In Parkinson’s, depression may be the result of biological, psychological, and environmental factors. Parkinson’s and depression both affect the same parts of the brain involved in thinking and emotion, as well as the levels of dopamine, serotonin, and norepinephrine, which influence mood and movement. Research shows that many people experience anxiety and/or depression, two to five years before being diagnosed with the disease, suggesting that these conditions are not simply a psychological reaction to having the illness, but part of the disease.

Undeniably, however, psychological factors also play a role, as patients may be prone to dwell on the negatives of living with a serious chronic illness, and find themselves consumed by feelings of sadness, helplessness, and hopelessness. Environmental triggers, including drug side effects and the ongoing stress of coping with the disease, also can contribute to the condition.

Health care providers play a key role in helping determine whether a person with Parkinson’s is suffering from depression, as the patient may not realize it. Asking a family member or caregiver about the patient’s mood can yield valuable information. Also, when speaking to the patient, very specific questions are most fruitful. For example, asking “Are you less interested in pleasurable activities you once enjoyed?” and “Have you noticed any changes in your sleep or appetite?” are more likely to paint a clearer picture of mood, than a more general inquiry regarding how the patient is feeling.

The most common symptoms of depression include persistent sadness, crying, lack of interest in usual activities and hobbies, diminished attention to hygiene, loss of motivation, abnormal sleep and eating patterns (too much or too little) and thoughts of death and suicide, among others. However, diagnosing depression in Parkinson’s patients can be complicated by the fact that certain symptoms—such as sleep problems—are characteristic of both conditions. Additionally, while in the general population depression is typically a mood that lasts two or more weeks, some experts believe that with Parkinson’s depression involves shorter but frequent episodes of sadness.

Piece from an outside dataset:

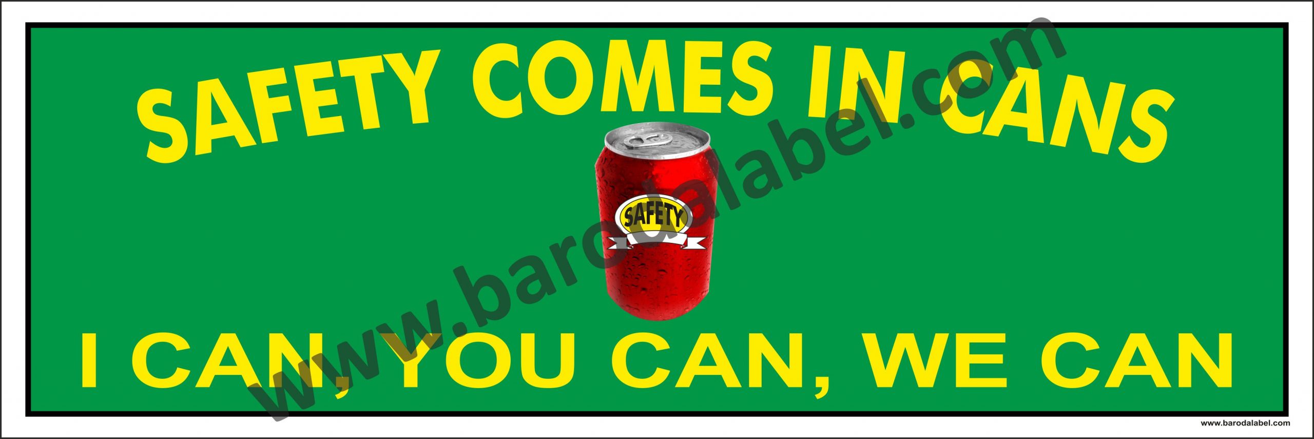 Safety Comes In Cans : I Can,You Can,We Can Vinyl printed sticker, Digital printed available with or without lamination film pasted on 5 mm thick PVC sunboard or 3 mm thick ACP (Aluminium Composite Panel) Sheet. Sunboard signage with 4 eyelets or ACP signage with 4 holes provided for fixing.

A final difficulty in diagnosing depression stems from effects of the disease on facial muscles or facial masking, which makes a person unable to express emotion through facial expressions.

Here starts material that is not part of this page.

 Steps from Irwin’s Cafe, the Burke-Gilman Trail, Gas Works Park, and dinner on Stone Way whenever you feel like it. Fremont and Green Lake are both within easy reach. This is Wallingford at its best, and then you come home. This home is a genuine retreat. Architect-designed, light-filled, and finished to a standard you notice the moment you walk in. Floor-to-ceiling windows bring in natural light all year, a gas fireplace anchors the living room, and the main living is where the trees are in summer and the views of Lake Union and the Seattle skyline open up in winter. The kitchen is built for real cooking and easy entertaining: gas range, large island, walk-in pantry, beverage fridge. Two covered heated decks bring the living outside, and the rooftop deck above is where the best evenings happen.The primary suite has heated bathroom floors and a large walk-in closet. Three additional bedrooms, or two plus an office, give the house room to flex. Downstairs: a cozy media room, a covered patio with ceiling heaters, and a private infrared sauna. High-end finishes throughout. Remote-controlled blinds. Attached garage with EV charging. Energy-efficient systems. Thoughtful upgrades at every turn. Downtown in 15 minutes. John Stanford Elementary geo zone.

Once a diagnosis of depression has been made, there are many treatment approaches, the suitability of which varies from patient to patient. While the two main types of treatment for depression include antidepressant medications and psychological counseling, researchers recommend a holistic, comprehensive approach. Evaluating the patient’s PD medication and potential interactions with antidepressants, considering Cognitive Behavioral Therapy (CBT), incorporating exercise—and even some non-conventional therapies, such as meditation, massage therapy, and relaxation techniques—can all work together, increasing the effectiveness of treatment.

By being vigilant for depression in patients with PD, informed about how the condition can mask itself, and committed to developing individualized treatment plans, health care professionals can significantly improve the lives of those affected by the disease, while we continue seeking a cure.